I watched it. I liked it, but didn’t quite love it. Some random thoughts and asides in no particular order:
1. I think they rushed it a little too much. They could have spent a little more time playing out the drama, political and emotional, of an alien visit. Having most of the main characters figure out this is a sinister alien invasion and discovering the secret identities of the visitors-in-our-midst in the first episode was a really profligate waste of dramatic material.
2. I really hope they don’t lose the scientists-as-Jews plotline from the original series. I thought that was a great part of the original miniseries.
3. If I were 17 and the super-hot alien blonde wanted me to put on a German gay disco doorman’s jacket, I would have done so.
4. Scott Wolf is just hard to take seriously when he’s not crying over Jennifer Love Hewitt in Party of Five. Maybe he’ll improve, but I fear he may have a Mickey Rooney problem in that he won’t be able to play a non-teenager until he’s 60.
5. Alan Tudyk is awesome because he’s awesome. But he’ll be under-used and killed in no time. Because that’s just how he rolls.
6. Big hair is out, short hair is in.
7. Having rewatched some of the original series on SyFy yesterday (what is up with the spelling change anyway?), I have to say the show looks a lot better — a lot better — than the original. Technology has advanced quite a bit since the 1980s, but fake TV technology has been revolutionized.
8. Oh, all right: The politics: I simultaneously loved the “universal health care” line and thought it was a bit hamfisted. I do like that it all bothers Jonathan Chait so much, but I think they could have been a bit more subtle. However, it’s worth recalling that the visitors in the original series promised to cure diseases as well.

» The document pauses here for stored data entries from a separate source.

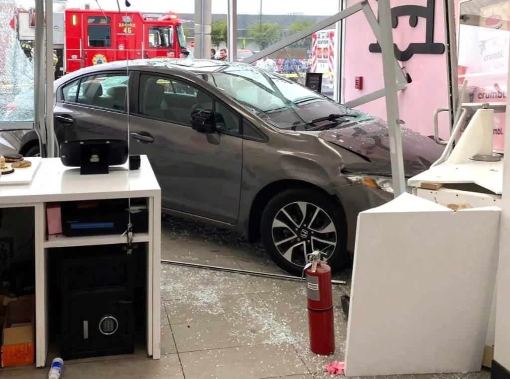 Oddly, just one week prior, on September 24th, the same incident occurred at a Crumbl Cookie store in Newtown, Pennsylvania. The driver of the Honda apparently “lost control” of the car, crashing into the front doors.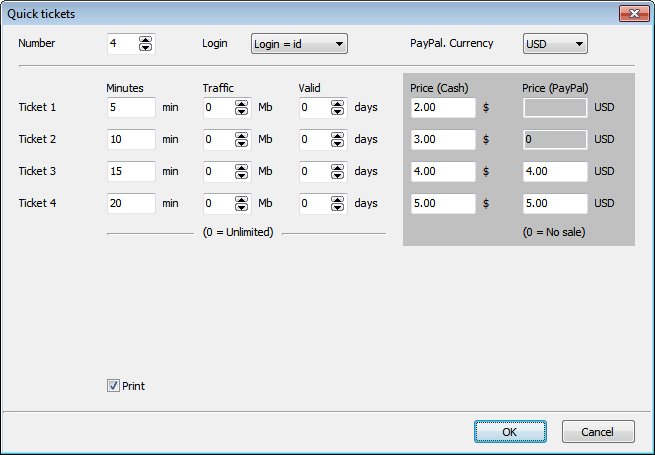 Specify ticket minutes, traffic amount and expiry days, cash and PayPal price. If PayPal price is not specified (= 0), a ticket is not available for credit card/PayPal sale.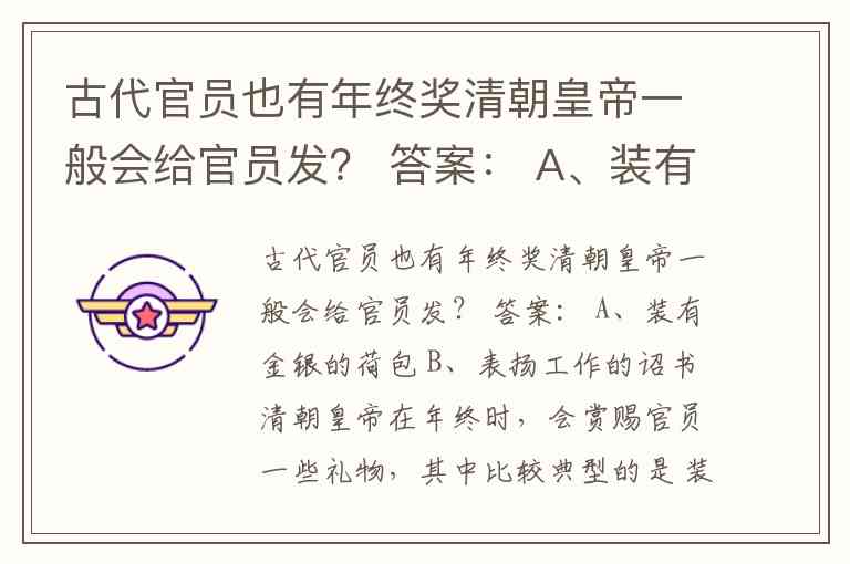清朝皇帝在年终时,会赏赐官员一些礼物,其中比较典型的是 装有金银的荷包(有时也叫“岁岁平安”荷包,内装金银锞子、金银元宝等),这实际上是一种变相的年终奖金。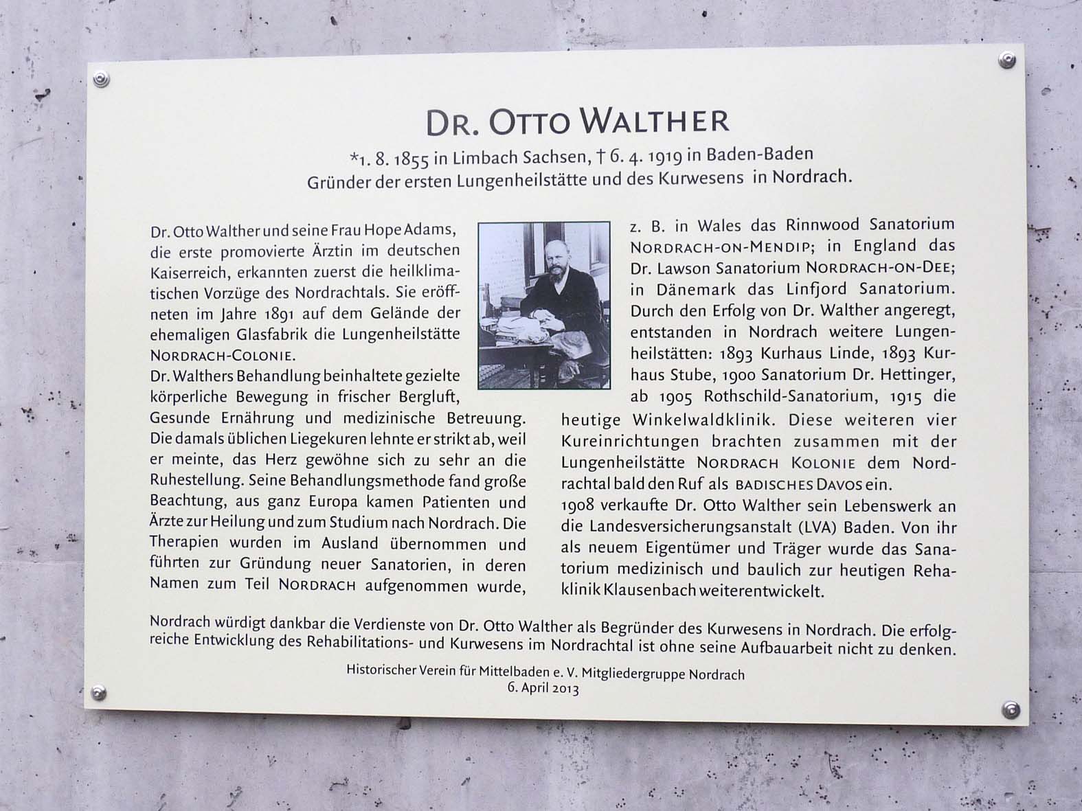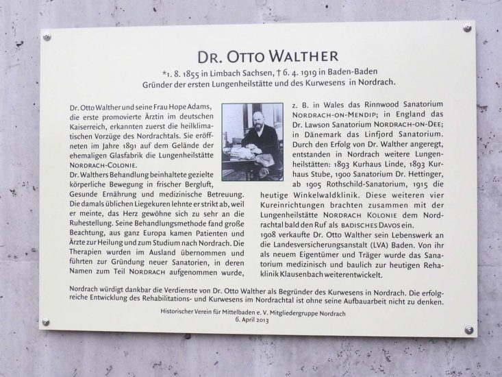 Dr. Otto Walther und seine Ehefrau Hope Adams eröffneten im Jahr 1891 auf dem Gelände der ehemaligen Glasfabrik die »Lungenheilstätte Nordrach-Colonie«. Dies war die Initialzündung für die Gründung von drei weiteren Lungenheilstätten in den folgenden fünfzehn Jahren in Nordrach. Das kleine Schwarzwaldtal genoss bald einen ausgezeichneten Ruf als Lungenluftkurort und man nannte es das »Badische Davos«.

I think Chait goes overboard too when he says the show is a loveletter to the Tea Party movement. If liberals were less insecure about the political climate, they might even argue that much of the stuff about the dangers of “devotion” and promises of miraculous cures amounted to an indirect shot at faith-healing evangelicals.
It’s also worth noting that the show is still an allegory for fascism, albeit a loosey-goosey one (hardly anything new in sci-fi). The obsession with youth, the promise of a new age, the seduction of power, the aesthetics of physical beauty and uniformed order, and yes, the promise of universal health care etc etc: This all fits perfectly well into fascist wheelhouse.
Ultimately, I liked it. I will keep watching it. But I really, really, hope it doesn’t fall back on high-priced action sequences and sex. That’s not to say I would be happy if they cut out the high-priced-action sequences and sex, but I’d like more than just that.